The Las Vegas convention is the latest installment of The Amaz!ng Meeting. First held in 2003 and colloquially referred to as TAM, it’s the annual mecca for skeptics around the world. In a culture-at-large that reveres faith above facts, skeptics are the vanguard of rationalism. Think James “the Amazing” Randi exposing psychics as charlatans. Think Mythbusters hosts Adam Savage and Jamie Hyneman using the scientific method with explosive aplomb. Think merry pranksters Penn & Teller debunking all manner of pseudoscience or conspiracy theory on their former show, Bullshit! These are the people who dare to demand evidence of those making extraordinary claims.They are people who make believers uncomfortable and often make enemies because of it.

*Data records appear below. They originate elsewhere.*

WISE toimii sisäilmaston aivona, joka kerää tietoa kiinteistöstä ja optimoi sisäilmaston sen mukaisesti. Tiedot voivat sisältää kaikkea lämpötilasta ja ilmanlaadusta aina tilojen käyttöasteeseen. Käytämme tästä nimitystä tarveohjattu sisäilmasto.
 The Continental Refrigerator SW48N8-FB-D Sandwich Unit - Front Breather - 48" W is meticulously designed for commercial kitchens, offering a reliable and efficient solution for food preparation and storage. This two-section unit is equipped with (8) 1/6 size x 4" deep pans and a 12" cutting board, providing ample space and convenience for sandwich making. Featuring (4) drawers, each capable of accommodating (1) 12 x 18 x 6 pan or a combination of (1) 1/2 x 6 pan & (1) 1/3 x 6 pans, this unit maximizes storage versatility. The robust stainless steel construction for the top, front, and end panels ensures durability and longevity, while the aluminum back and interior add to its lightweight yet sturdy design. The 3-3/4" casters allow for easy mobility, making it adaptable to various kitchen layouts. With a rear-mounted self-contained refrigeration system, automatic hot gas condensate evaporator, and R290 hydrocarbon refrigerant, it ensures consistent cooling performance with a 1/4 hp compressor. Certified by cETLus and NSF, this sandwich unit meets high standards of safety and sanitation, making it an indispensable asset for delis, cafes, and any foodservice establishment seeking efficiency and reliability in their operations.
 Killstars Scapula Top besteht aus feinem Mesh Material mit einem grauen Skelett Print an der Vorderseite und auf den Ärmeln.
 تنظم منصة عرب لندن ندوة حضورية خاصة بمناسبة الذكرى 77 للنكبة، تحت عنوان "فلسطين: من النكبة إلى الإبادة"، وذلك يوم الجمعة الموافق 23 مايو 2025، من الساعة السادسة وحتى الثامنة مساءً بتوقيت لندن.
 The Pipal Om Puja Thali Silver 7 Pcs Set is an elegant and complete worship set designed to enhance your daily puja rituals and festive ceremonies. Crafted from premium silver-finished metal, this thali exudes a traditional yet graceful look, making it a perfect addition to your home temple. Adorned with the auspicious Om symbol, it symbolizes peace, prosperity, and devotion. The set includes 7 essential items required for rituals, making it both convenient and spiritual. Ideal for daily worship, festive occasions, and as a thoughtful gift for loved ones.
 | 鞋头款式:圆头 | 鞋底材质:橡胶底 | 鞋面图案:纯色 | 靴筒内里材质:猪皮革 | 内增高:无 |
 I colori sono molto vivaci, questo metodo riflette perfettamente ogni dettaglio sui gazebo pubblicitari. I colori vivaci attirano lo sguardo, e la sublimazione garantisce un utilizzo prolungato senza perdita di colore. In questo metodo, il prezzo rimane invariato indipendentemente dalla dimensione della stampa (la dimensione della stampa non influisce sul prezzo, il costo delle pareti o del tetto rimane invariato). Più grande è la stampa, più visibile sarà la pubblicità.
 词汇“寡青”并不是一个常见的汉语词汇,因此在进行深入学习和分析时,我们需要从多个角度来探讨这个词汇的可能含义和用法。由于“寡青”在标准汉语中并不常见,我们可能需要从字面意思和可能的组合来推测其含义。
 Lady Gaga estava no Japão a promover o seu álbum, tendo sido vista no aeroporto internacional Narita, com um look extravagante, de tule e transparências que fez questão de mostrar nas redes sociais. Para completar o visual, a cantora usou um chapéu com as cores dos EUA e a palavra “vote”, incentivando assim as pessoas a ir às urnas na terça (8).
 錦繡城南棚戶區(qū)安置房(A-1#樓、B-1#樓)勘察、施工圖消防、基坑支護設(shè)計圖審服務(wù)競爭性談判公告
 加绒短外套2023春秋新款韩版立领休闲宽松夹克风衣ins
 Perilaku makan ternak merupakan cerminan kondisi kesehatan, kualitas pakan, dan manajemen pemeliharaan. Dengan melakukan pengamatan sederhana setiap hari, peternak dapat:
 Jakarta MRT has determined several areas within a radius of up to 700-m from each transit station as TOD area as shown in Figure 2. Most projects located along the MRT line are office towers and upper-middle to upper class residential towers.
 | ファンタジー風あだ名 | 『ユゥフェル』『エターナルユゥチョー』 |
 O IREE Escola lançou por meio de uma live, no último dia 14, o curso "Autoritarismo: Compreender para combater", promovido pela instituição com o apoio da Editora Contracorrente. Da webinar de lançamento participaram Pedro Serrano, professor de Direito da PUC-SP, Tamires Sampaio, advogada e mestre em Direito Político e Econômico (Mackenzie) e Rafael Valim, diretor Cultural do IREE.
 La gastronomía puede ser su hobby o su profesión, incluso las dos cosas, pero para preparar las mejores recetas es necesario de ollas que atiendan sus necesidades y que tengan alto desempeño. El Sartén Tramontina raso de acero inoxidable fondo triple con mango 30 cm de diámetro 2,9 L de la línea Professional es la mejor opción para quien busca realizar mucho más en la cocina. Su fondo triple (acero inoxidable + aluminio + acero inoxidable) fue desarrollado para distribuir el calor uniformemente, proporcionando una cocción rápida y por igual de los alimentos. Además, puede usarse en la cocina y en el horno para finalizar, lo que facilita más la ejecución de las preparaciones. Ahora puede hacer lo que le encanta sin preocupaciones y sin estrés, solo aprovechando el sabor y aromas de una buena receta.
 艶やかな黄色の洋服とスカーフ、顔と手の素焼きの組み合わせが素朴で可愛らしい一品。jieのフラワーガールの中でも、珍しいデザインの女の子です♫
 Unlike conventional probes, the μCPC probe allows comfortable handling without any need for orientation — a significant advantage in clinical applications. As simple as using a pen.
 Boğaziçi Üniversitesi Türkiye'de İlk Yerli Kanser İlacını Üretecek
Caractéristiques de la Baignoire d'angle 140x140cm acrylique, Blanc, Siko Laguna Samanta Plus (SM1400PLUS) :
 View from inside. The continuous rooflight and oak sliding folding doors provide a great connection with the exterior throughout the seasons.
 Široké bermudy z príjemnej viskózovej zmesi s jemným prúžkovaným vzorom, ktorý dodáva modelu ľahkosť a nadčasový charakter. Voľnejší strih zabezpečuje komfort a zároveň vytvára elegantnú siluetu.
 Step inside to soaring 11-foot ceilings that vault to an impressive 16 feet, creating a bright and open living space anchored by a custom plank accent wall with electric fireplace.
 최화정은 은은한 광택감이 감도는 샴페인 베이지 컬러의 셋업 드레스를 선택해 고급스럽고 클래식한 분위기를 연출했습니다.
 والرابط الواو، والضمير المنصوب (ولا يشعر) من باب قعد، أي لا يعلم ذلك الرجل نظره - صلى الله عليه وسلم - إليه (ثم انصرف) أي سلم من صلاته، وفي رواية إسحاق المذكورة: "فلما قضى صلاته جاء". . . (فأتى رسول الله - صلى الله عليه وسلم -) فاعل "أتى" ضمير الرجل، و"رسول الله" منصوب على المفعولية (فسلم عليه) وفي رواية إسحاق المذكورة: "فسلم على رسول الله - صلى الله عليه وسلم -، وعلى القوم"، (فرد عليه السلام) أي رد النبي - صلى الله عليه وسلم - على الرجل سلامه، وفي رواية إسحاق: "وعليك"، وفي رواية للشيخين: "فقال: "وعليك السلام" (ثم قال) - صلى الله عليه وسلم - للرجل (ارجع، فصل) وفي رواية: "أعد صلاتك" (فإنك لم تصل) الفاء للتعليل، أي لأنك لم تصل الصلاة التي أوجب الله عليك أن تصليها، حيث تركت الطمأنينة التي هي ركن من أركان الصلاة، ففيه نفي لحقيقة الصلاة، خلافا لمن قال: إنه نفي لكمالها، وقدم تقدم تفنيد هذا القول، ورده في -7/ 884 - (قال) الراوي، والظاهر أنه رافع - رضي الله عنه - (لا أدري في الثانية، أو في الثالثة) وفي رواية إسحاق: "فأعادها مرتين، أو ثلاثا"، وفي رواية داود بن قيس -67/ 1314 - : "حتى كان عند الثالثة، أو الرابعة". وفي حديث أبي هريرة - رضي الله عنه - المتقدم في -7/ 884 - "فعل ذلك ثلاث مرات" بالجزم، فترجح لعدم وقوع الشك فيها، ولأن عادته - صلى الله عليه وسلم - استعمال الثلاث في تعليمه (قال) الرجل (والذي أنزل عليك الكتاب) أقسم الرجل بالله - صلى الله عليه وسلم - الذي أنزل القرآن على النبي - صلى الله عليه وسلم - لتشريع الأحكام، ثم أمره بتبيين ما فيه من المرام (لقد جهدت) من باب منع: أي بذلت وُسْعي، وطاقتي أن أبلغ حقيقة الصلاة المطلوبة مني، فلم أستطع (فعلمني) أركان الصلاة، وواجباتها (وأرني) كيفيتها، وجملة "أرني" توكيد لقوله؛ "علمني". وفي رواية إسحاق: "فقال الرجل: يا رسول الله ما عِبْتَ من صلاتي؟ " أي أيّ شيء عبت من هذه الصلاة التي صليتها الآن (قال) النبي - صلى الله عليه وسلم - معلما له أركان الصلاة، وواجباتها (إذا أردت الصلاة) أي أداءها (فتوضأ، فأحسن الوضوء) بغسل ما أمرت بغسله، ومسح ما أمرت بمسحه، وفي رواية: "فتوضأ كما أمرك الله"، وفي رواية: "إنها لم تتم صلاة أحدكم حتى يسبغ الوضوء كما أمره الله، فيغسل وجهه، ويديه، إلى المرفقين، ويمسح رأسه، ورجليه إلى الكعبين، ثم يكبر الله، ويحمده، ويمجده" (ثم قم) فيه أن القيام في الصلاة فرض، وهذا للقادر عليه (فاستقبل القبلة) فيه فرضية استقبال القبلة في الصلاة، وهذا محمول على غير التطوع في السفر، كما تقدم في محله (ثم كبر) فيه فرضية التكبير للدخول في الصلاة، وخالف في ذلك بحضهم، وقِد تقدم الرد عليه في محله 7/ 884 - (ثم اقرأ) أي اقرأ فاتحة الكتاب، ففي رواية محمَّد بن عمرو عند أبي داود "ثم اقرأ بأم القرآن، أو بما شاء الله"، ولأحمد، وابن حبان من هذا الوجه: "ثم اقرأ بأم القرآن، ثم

In an earlier age, skepticism was not so much a movement as a pastime for older, male, upper-crust academics. It was spirited discussion over cigars and brandy. Today, the new skepticism is a grassroots revolution. Its adherents are media-savvy, and they use memes, humor, Photoshop, YouTube, and social networking to wage a bold offensive against the prevailing belief culture. They are ardently pro-science, descending like a phalanx of logic on creationists, homeopathic practitioners, faith healers, psychics, truthers, birthers, anti-vaccination crowds, and generally anyone else whose position isn’t supported by logic. Skeptics champion reasoned methodology, not blind belief. They respect critical thinking, not emotional reactionism. They are factual heavyweights, and now, after decades of polite disagreements with true believers, young skeptics are ready to take off the gloves.

Skeptical groups operate around the world and across the Internet via popular blogs, podcasts, rallies, meetings, and forums. Skeptical bestsellers flood the marketplace by luminaries like Richard Dawkins, the late Christopher Hitchens, Michael Shermer, and Sam Harris. Skeptics count celebrities like comedians Tim Minchin and Eddie Izzard among their ranks. They petition the United Nations to end real witch-hunts in third-world countries. They coordinate, collaborate, and rally their growing numbers.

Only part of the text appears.